Secondly, we optimized a protocol to modestly increase ROS production at mitochondria throughout AVA interneurons. More specifically, whole-cell PA of mitoKR was achieved by illuminating freely behaving worms for 5 or 10 min. We used mito-roGFP to measure the resultant ROS increase at mitochondria from whole-cell PA and observed a slight increase in the average mito-roGFP Fratio after 5 min of whole-cell PA and a significant increase in the Fratio following a 10 min whole-cell PA (Figure 4G and H). Although not significantly increased from the unstimulated control, the 5 min PA increased the Fratio of mito-roGFP to 0.4, which is similar to the mito-roGFP Fratio following 5 min of repetitive ChRimson activation (Figure 3C) or mechano-stimulation of AVA (Figure 4A and B). Therefore, we chose to do subsequent experiments using a whole-cell PA duration of 5 min. Finally, this global mitoKR activation protocol did not affect overall GLR-1 transport velocity (Figure 5—figure supplement 1B), further supporting our choice of these conditions as relevant for signaling but non-toxic.

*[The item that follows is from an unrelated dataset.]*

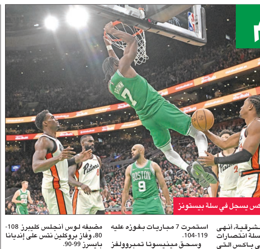
براون نجم سلاتيكس يسجل في سلة ويستونز

تعرض نجم فينيكس صنز في دوري كرة السلة الأميركي للمحترفين (إن بي إيه) لالتواء في كاحله الأيسر، وسيغيب عن مباريات الأسبوع المقبل حسب تقارير عدة. وعانى دورانت من الإصابة في الربع الثاني من مباراة فريقه مع سان أنتونيو سبيرز (104-93)، عندما داس على قدم اللاعب جوليان شامباني. وأفادت شبكة «إي أس بي إن» وصحيفة «أريزونا ريبابليك» بأن دورانت سيعيب عن المباريات الثلاث أمام نيو أورليانز بليكازن، وميامي هيت، وأورلاندو ماجيك، قبل أن يتم تقييم حالته من جديد. ويبلغ معدل دورانت،

Mitochondrial ROS signaling regulates synaptic recruitment of GLR-1
Once we established non-toxic conditions for local (2–3 mitochondria) and global (entire AVA neuron) mitoKR activation, we proceeded to test the effect of cell-specific and subcellular mitoROS signaling on synaptic GLR-1 recruitment. First, we used our local mitoKR protocol (15 s) to activate 2–3 mitochondria prior to assessing synaptic recruitment of GLR-1 via FRAP of SEP::GLR-1 (Figure 5A). These experiments required the generation of new transgenic animals expressing SEP::GLR-1 in AVA with (strain: FJH 582) and without mitoKR (strain: FJH 635; see Appendix 1—key resources table). Interestingly, local PA dramatically decreased SEP::GLR-1 FRAP in mitoKR-expressing worms compared to controls (Figure 5B and C). The FRAP rate of non-activated mitoKR worms was significantly decreased compared to controls, but to a lesser extent than with PA (Figure 5—figure supplement 1C). This is likely due to activation of mitoKR during imaging of SEP fluorescence. This dramatic downregulation of GLR-1 synaptic recruitment due to localized artificial mitoROS production could be caused by altered delivery of GLR-1-containing transport vesicles. When we assessed GLR-1 delivery via FRAP of GLR-1::GFP following local PA of mitoKR, we observed that PA of mitoKR decreased the rate of GLR-1::GFP FRAP in worms expressing mitoKR in comparison to controls lacking mitoKR (Figure 5D and E), as well as mitoKR-expressing animals without PA (Figure 5—figure supplement 1D). These results suggest that the delivery and retention of GLR-1 to synaptic sites are negatively regulated by local mitoROS production.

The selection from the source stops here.